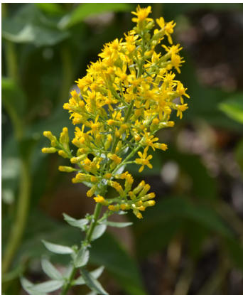
13 Showy Goldenrod Solidago speciosa The entire goldenrod ( Solidago ) genus is an important food source for insects and birds, especially its protein rich pollen in late fall.
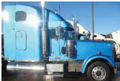
2007 Freightliner FLD132 Classic XL, Detroit Diesel DDC 14.0, 515 HP, 10 Spd, Engine Brake, Air Ride Suspension, 260" Wheelbase, 22.5 Tires, All Aluminum Wheels, Air Brakes, 555,032 Miles. Old (7DW78435-ABQ-1) $48,400 $44,900
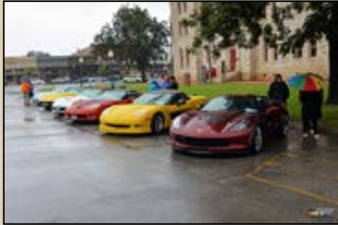
October 13th 2018, Granbury, Texas
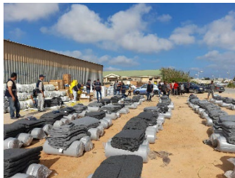
Distribution of non-food items in Ryyadiyah camp, Benghazi.

On 22 October, with partner LibAid, UNHCR started the distribution of non-food items (NFIs) to Tawerghan internally displaced persons (IDPs) in Benghazi. The distribution is planned to continue till 29 October to cover all eight Tawergha IDP camps in Benghazi, with the view of reaching more than 1,100 households (around 4,500 individuals). The items include blankets, mattresses, kitchen sets, plastic sheets, solar lamps, jerry cans, winter boots, socks, and gloves.
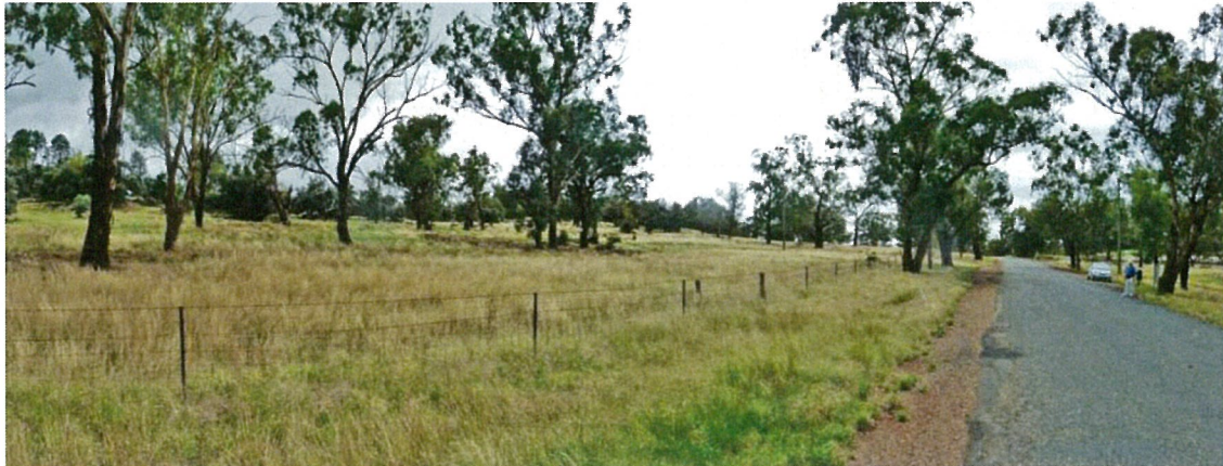
View of site from north west looking south east over site with Nathan Cobb Drive on right.
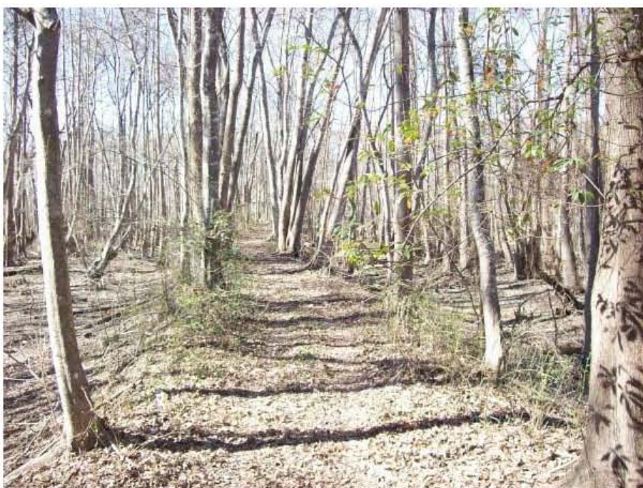
Figure 4. Augusta Road Causeway at Ebenezer Creek, Facing North.
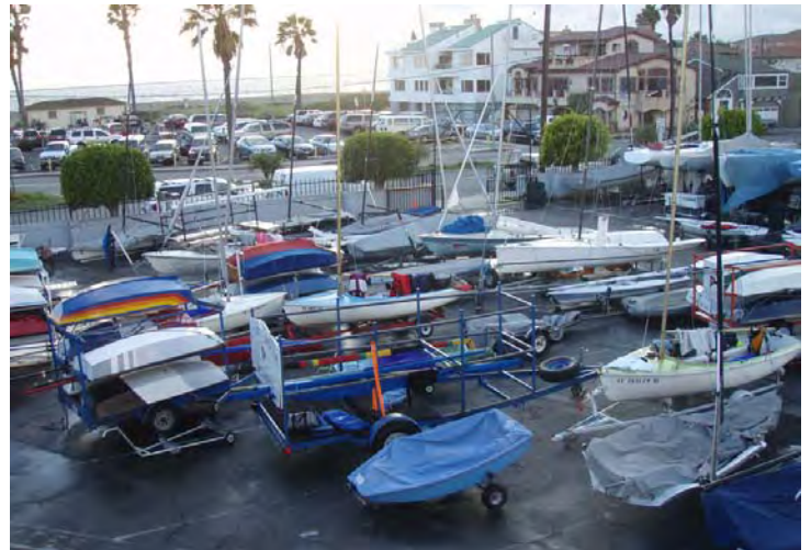
Our parking lot taken over by boats.

-.-.-

Give the count of lines in the data above holding the word "items", and nothing beyond it.

TASK RESPONSE: 2